**Instructions to follow:** Copy everything in the records exactly; the pictures stay out.

--- Task data Enclosed Below ---

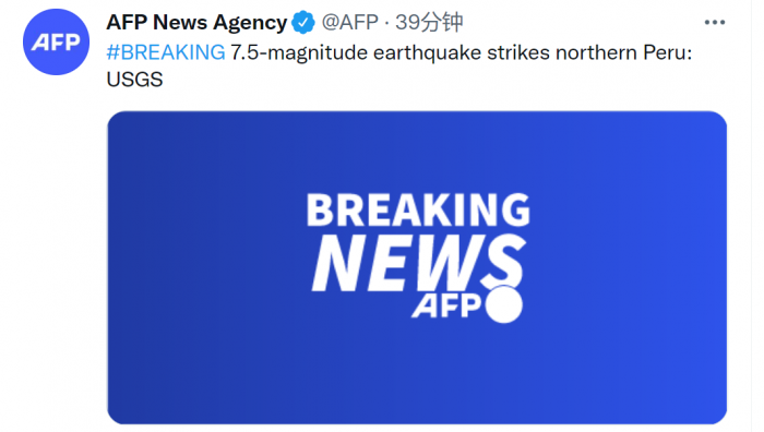 法新社刚刚消息,据美国地质调查局地震信息网消息,秘鲁北部当地时间28日发生7.5级地震,但没有发布海啸预警。美国地质调查局地震信息网称,地震发生在凌晨5时52分,(格林尼治时间10时52分),震源深度112.5公里,位于秘鲁巴兰卡西北约42公里处。
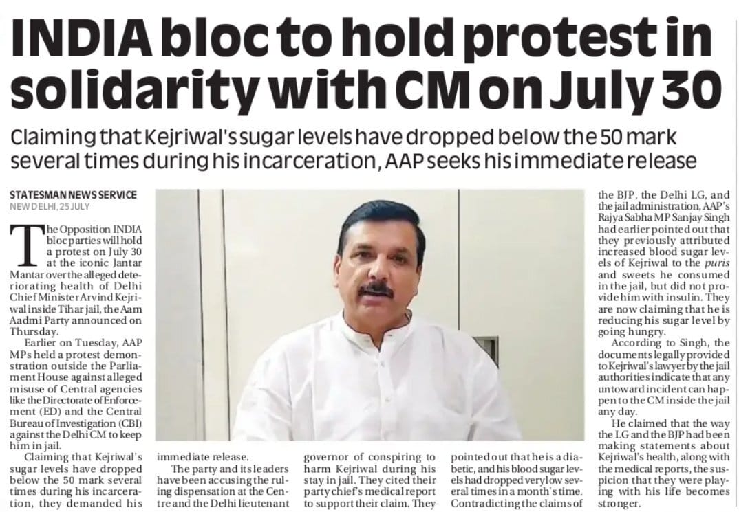 The INDIA bloc of opposition parties will hold a rally on July 30 at the Jantar Mantar here to raise the issue of Delhi Chief Minister Arvind Kejriwal's declining health inside the Tihar Tihar, the AAP said on Thursday.
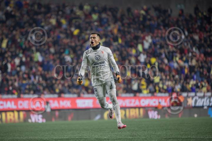 TIJUANA BAJA CALIFORNIA, 21NOVIEMBRE2024.-Luis Malagon, portero del equipo del America. Xolos pierde en penales contra América, aún mantiene esperanza de liguilla. Los Xolos de Tijuana igualaron 2-2 con el América, actual bicampeón del fútbol mexicano, en su partido del play-in disputado en el Estadio Caliente. Sin embargo, en la tanda de penales, el equipo fronterizo cayó 3-2, perdiendo así su primera oportunidad de avanzar directamente a los cuartos de final de la fiesta grande del fútbol mexicano. A pesar del tropiezo, Xolos aún tiene una última oportunidad de clasificar a la liguilla. Su posición en la tabla general los coloca frente al Atlas en un duelo crucial el próximo domingo. Este partido único definirá el pase a los cuartos de final y la continuidad de los Xolos en la lucha por el campeonato.La afición fronteriza se mantiene esperanzada de que su equipo pueda sobreponerse y asegurar su lugar en la fase final del torneo.FOTO: CHRIS NOYOLA/CUARTOSCURO.COM
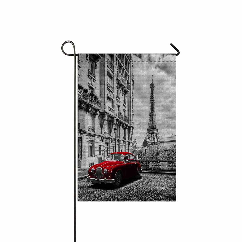 Garden Flags printed Nature Landscape themed with Eiffel Tower seen from the street with red retro limousine car
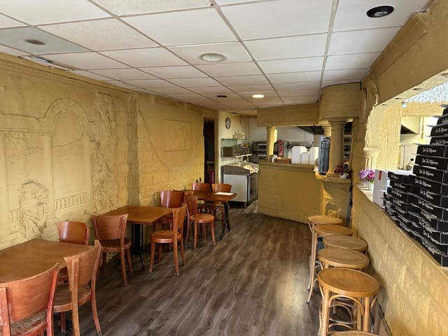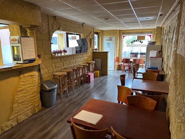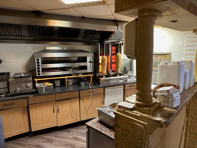 Direct aansluitend is de kleine eenvoudige keuken gelegen, wat zorgt voor een praktische en efficiënte routing tussen het restaurantgedeelte en de bereidingsruimte.
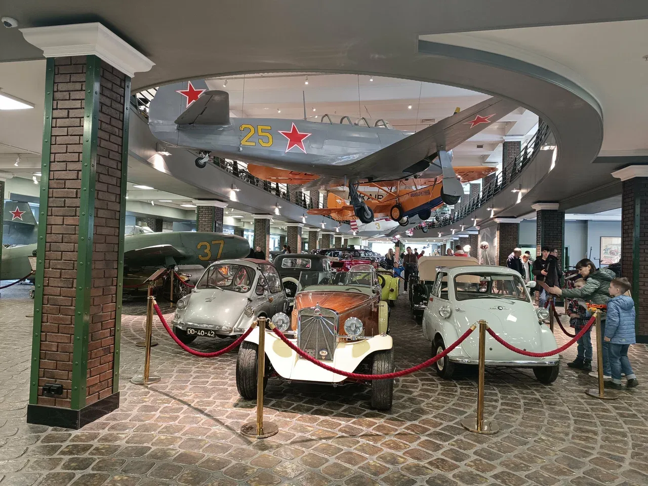 Интерактивная часть включает зоны, где можно заглянуть внутрь машины, увидеть приборные панели, почувствовать масштаб. Для детей и подростков музей превращается в путешествие: можно найти, какая модель была первой, как устроен двигатель, чем отличается техника войны и техники мира. Есть экскурсии с гидом, тематические программы — например, посвящённые авто-гонкам, авиации, танкам.

--- End of Enclosed Task data ---

**Problem solution:**
 法新社刚刚消息,据美国地质调查局地震信息网消息,秘鲁北部当地时间28日发生7.5级地震,但没有发布海啸预警。美国地质调查局地震信息网称,地震发生在凌晨5时52分,(格林尼治时间10时52分),震源深度112.5公里,位于秘鲁巴兰卡西北约42公里处。
 The INDIA bloc of opposition parties will hold a rally on July 30 at the Jantar Mantar here to raise the issue of Delhi Chief Minister Arvind Kejriwal's declining health inside the Tihar Tihar, the AAP said on Thursday.
 TIJUANA BAJA CALIFORNIA, 21NOVIEMBRE2024.-Luis Malagon, portero del equipo del America. Xolos pierde en penales contra América, aún mantiene esperanza de liguilla. Los Xolos de Tijuana igualaron 2-2 con el América, actual bicampeón del fútbol mexicano, en su partido del play-in disputado en el Estadio Caliente. Sin embargo, en la tanda de penales, el equipo fronterizo cayó 3-2, perdiendo así su primera oportunidad de avanzar directamente a los cuartos de final de la fiesta grande del fútbol mexicano. A pesar del tropiezo, Xolos aún tiene una última oportunidad de clasificar a la liguilla. Su posición en la tabla general los coloca frente al Atlas en un duelo crucial el próximo domingo. Este partido único definirá el pase a los cuartos de final y la continuidad de los Xolos en la lucha por el campeonato.La afición fronteriza se mantiene esperanzada de que su equipo pueda sobreponerse y asegurar su lugar en la fase final del torneo.FOTO: CHRIS NOYOLA/CUARTOSCURO.COM
 Garden Flags printed Nature Landscape themed with Eiffel Tower seen from the street with red retro limousine car
 Direct aansluitend is de kleine eenvoudige keuken gelegen, wat zorgt voor een praktische en efficiënte routing tussen het restaurantgedeelte en de bereidingsruimte.
 Интерактивная часть включает зоны, где можно заглянуть внутрь машины, увидеть приборные панели, почувствовать масштаб. Для детей и подростков музей превращается в путешествие: можно найти, какая модель была первой, как устроен двигатель, чем отличается техника войны и техники мира. Есть экскурсии с гидом, тематические программы — например, посвящённые авто-гонкам, авиации, танкам.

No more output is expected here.